Jack’ın yüzü kıpkırmızı kesildi; çenesi göğsüne çöktü. Çatık

kaşlarının altından, fena fena baktı Ralph’a.

Derin anlamlar taşıyan, tehditle dolu bir sesle,

“Peki, öyle

Karasu Masaj Salonu

olsun” dedi,

“öyle olsun.”

Bir eliyle denizkabuğunu göğsüne bastırdı; öteki elinin

işaret parmağını, havayı delercesine yukarıya kaldırdı:

“Ralph’ın şef olmasını istemeyenler kim?”

Çevresine bakınıp bekledi. Çocuklar donmuş gibiydi. Bir

ölüm sessizliği vardı hurma ağaçlarının altında.

Jack, güçlü bir sesle,

“Ellerini kaldırsınlar” dedi. “Kimler

istemiyor Ralph’ın şef olmasını?”

nefes soluğa, utanç dolu, ağır bir sessizlik sürüp gitti.

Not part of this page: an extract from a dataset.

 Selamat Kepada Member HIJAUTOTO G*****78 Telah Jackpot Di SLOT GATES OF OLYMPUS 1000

Jack’ın yanaklarından yavaş yavaş çekilen kan, acı bir

saldırışla yüzünü yeniden kapladı. Dudaklarını diliyle yaladı;

başka birinin gözleriyle karşılaşmak sorunsından kurtulmak

için, başını iyice yana çevirdi:

“Kimler istemiyor…”

Sesi söndü. Büyük şeytanminaresini tutan elleri titriyordu.

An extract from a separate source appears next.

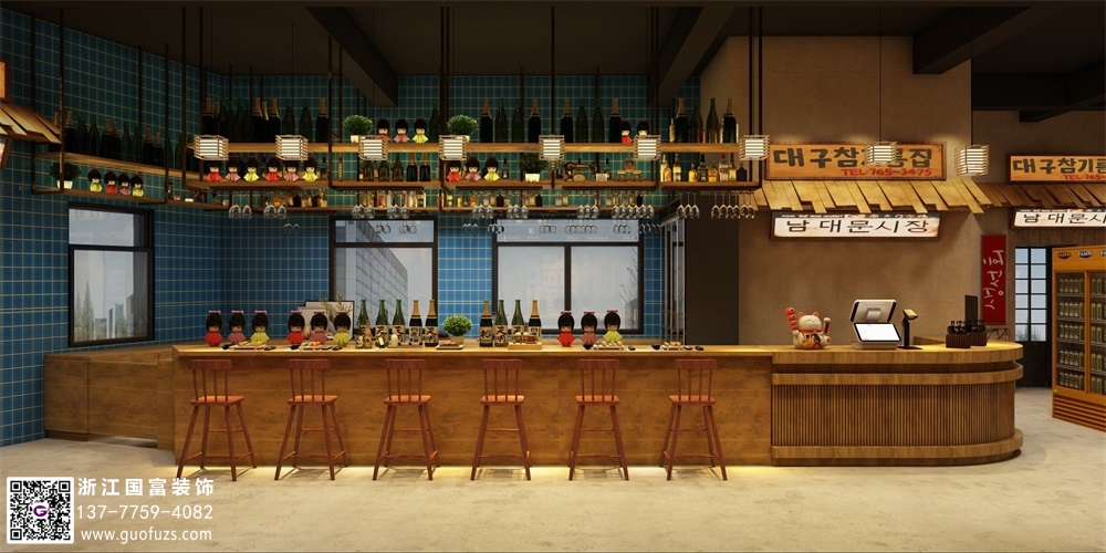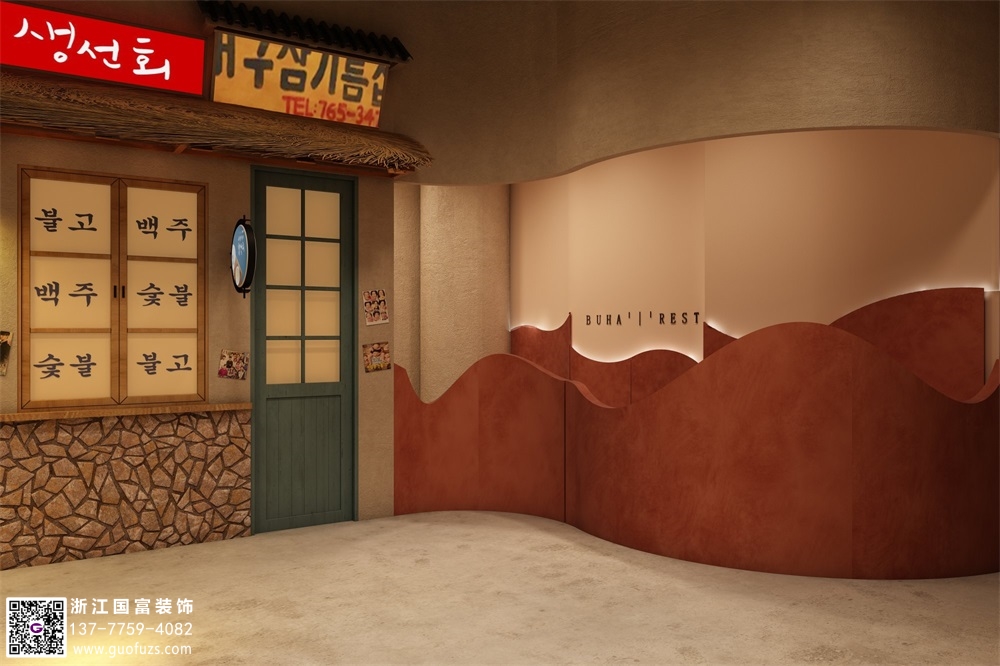 杭州農(nóng)家風格韓式烤肉店設計效果圖

Gırtlağını temizledi, yüksek bir sesle mevzuştu:

“Peki, öyle olsun.”

Denizkabuğunu büyük bir dikkatle ayağının altına, otların

üstüne koydu. Gözlerinin ucundan, onu minik düşüren

gözyaşları akmaya başladı:

“Artık oyun oynamayacağım. Sizlerle oynamayacağım.”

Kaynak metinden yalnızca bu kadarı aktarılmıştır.